VLA-4(インテグリンα4β1)は細胞表面リガンドである血管細胞接着分子-1(VCAM-1)に結合し細胞間接着に関与する。VLA-4は心臓の発達に重要な役割を果たしており、一部のVLA-4阻害薬が動物実験で心臓の異常を引き起こすことが知られている。この研究ではVLA-4阻害作用を有する誘導体の催奇形性をスクリーニング評価し、心臓に対する催奇形性を回避するために必要な条件を検討した。

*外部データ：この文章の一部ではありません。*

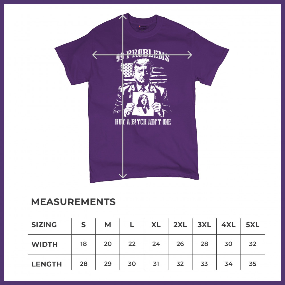 Celebrate bold conservative values with the "99 Problems But a B*tch Ain’t One" design, featuring Donald J. Trump and an iconic American flag backdrop. Perfect for Trump supporters, Republicans, and patriots committed to the fight for freedom and America First principles. This humorous and eye-catching design is ideal for rallies, events, or as a standout gift for fellow conservatives.
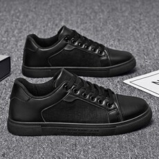 男鞋纯黑色板鞋韩版潮流休闲皮鞋百搭全黑色英伦鞋黑底工作上班鞋
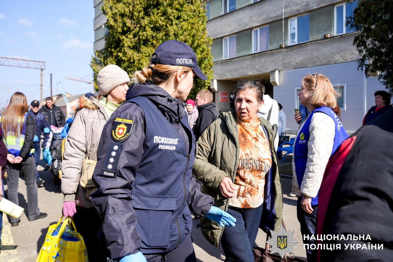 Евакуйованих зустрічали поліцейські, медики, рятувальники та представники влади й Центру Життєстійкості. Вони разом допомагали переселенцям вийти з потягу, годували, допомагали завантажити речі у транспорт та консультували під час реєстрації.
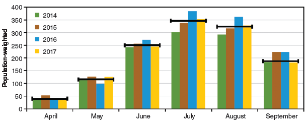 Among U.S. households, 39 percent rely on electricity as the primary heating source, including 63 percent of all households in the South. EIA notes that power generation fueled by natural gas reached record levels last summer, and for the first six months of 2016, natural gas supplied 36 percent of total U.S. electricity generation versus 31 percent for coal. Figure 4 shows projected summer 2017 cooling degree days based on NOAA forecast data. The horizontal lines again indicate each month’s prior 10-year average.
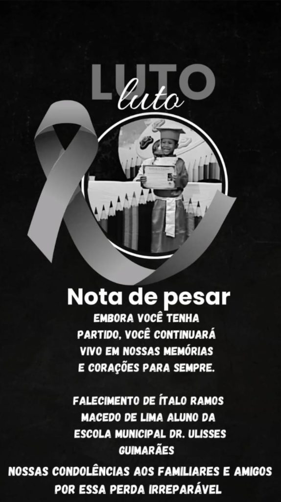 Nota de pesar da escola Ulisses Guimarães sobre a morte de Ítalo Ramos
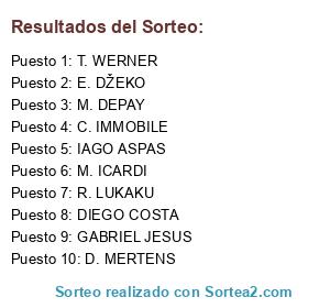 Lista de participantes: E. DŽEKO, M. ICARDI, C. IMMOBILE, DIEGO COSTA, GABRIEL JESUS, M. DEPAY, T. WERNER, IAGO ASPAS, R. LUKAKU, D. MERTENS.
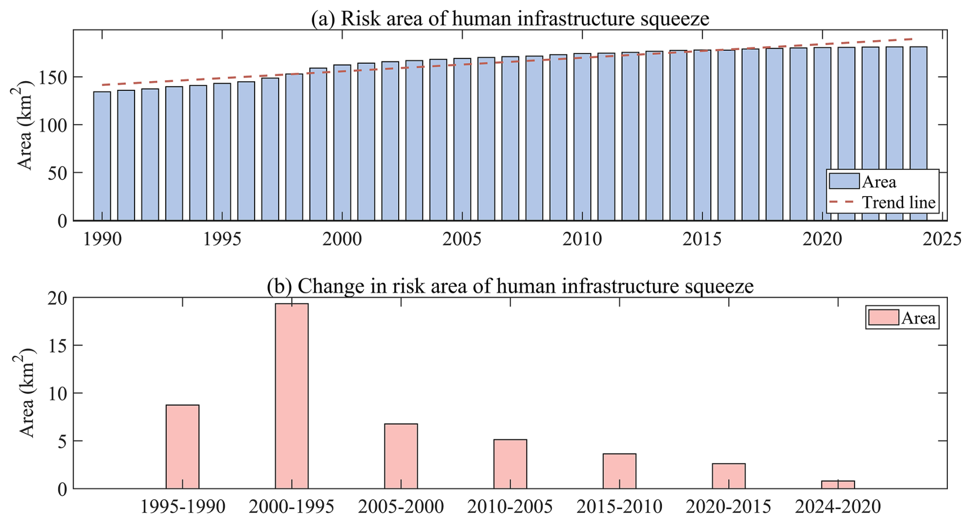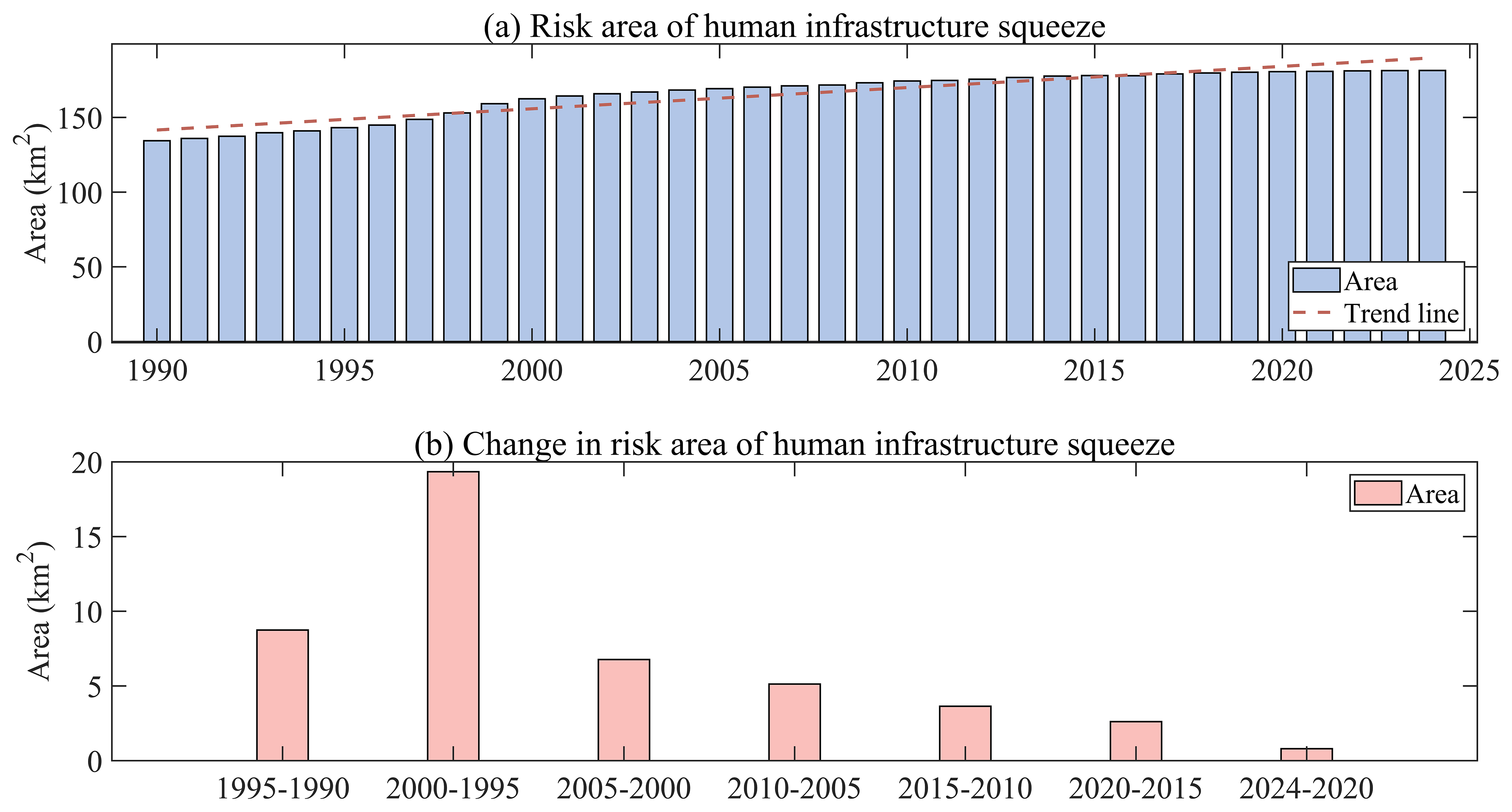 We calculated and analyzed the temporal changes in the risk areas affected by human infrastructure squeeze in the study area (Fig. 10). From 1990 to 2024, the risk area increased annually due to human infrastructure development (e.g., ports, dams, and coastal development). The area rose from 134.39 km2 in 1990 to 181.42 km2 in 2024, a total increase of about 47.03 km2. The most significant increases occurred between 1995–2000, with a nationwide increase of approximately 19.34 km2 in human infrastructure squeeze risk areas during this period. However, the growth rate has slowed in recent years, with only a 0.80 km2 increase from 2020 to 2024, indicating stabilization due to enhanced regulation or resource saturation.

VLA-4阻害誘導体17種類を妊娠10、11日または胎児の器官形成期(妊娠6-17日)にラットに1000 mg/kg/日で1日1回経口投与した。妊娠21日に母動物を麻酔して胎児検査を行った。非活性化状態である低親和性のVLA-4阻害作用の評価および血漿と胚中の薬物濃度を測定し、それらと心臓異常の発生率との関係を調べた。

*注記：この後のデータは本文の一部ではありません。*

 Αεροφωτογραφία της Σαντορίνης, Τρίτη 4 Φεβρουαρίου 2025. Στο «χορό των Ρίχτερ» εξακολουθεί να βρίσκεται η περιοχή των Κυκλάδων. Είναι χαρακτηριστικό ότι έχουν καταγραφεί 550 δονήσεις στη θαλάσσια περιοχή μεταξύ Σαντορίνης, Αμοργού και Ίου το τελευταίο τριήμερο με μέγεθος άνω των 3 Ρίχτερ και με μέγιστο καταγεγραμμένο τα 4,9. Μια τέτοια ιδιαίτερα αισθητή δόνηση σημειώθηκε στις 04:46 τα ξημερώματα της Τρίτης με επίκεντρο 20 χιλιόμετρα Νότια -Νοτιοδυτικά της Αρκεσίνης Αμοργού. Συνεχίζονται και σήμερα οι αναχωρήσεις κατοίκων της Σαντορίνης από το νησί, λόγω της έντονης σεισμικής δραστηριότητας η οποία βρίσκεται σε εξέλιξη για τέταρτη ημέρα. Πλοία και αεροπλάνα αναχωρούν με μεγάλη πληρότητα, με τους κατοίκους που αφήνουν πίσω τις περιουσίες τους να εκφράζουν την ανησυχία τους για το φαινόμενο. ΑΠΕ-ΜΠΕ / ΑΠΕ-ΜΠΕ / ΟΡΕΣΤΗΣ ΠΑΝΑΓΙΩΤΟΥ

心室中隔欠損(VSD)および左心房小型化(SLA)の出現率の増加が17種類中8化合物でみられた。VSDおよびSLAの発生率はさまざまで、0-100%の範囲であった。低親和性VLA-4の拮抗作用の程度とVSDおよびSLAの発生率との間に関係は認められなかった。母体の血漿中薬物濃度(Cmax)は、VSDおよびSLAの発生率の増加と関連性が認められたが、投与後24時間の胚における化合物の濃度がほぼみられない場合はこれらの発生率は増加しなかった。
胚における長時間の継続的な薬理活性は、心臓の内部細胞の接着を妨害する可能性があり、薬効の持続時間を24時間以内にすることにより、心臓の異常形成を回避できる可能性があると考えられた。